» **Data supplied**:

+-------+

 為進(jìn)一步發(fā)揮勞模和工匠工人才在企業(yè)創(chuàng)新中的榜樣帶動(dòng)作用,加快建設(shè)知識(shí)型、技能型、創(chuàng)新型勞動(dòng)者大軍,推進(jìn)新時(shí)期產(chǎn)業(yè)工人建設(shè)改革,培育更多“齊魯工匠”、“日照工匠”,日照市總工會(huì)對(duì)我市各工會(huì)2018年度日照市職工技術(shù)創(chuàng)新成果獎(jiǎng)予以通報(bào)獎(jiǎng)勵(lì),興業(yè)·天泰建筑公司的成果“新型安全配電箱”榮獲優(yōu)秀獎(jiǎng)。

+-------+

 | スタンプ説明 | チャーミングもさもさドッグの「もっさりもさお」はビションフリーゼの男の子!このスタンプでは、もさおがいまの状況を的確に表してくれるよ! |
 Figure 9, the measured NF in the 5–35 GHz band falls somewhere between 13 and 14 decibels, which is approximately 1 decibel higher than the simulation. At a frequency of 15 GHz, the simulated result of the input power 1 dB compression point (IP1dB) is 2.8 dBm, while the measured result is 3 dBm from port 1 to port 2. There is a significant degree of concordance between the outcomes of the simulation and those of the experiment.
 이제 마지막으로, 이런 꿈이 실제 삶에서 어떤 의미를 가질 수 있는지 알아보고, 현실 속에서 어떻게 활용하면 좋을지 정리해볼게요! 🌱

+-------+

» **What to do**:
Retype word for word everything in the listing above from the line that holds "Figure 9, the" down to the line that holds "이제 마지막으로, 이런". Keep both end lines and leave out the rest.

» **Solution for this task**:
 Figure 9, the measured NF in the 5–35 GHz band falls somewhere between 13 and 14 decibels, which is approximately 1 decibel higher than the simulation. At a frequency of 15 GHz, the simulated result of the input power 1 dB compression point (IP1dB) is 2.8 dBm, while the measured result is 3 dBm from port 1 to port 2. There is a significant degree of concordance between the outcomes of the simulation and those of the experiment.
 이제 마지막으로, 이런 꿈이 실제 삶에서 어떤 의미를 가질 수 있는지 알아보고, 현실 속에서 어떻게 활용하면 좋을지 정리해볼게요! 🌱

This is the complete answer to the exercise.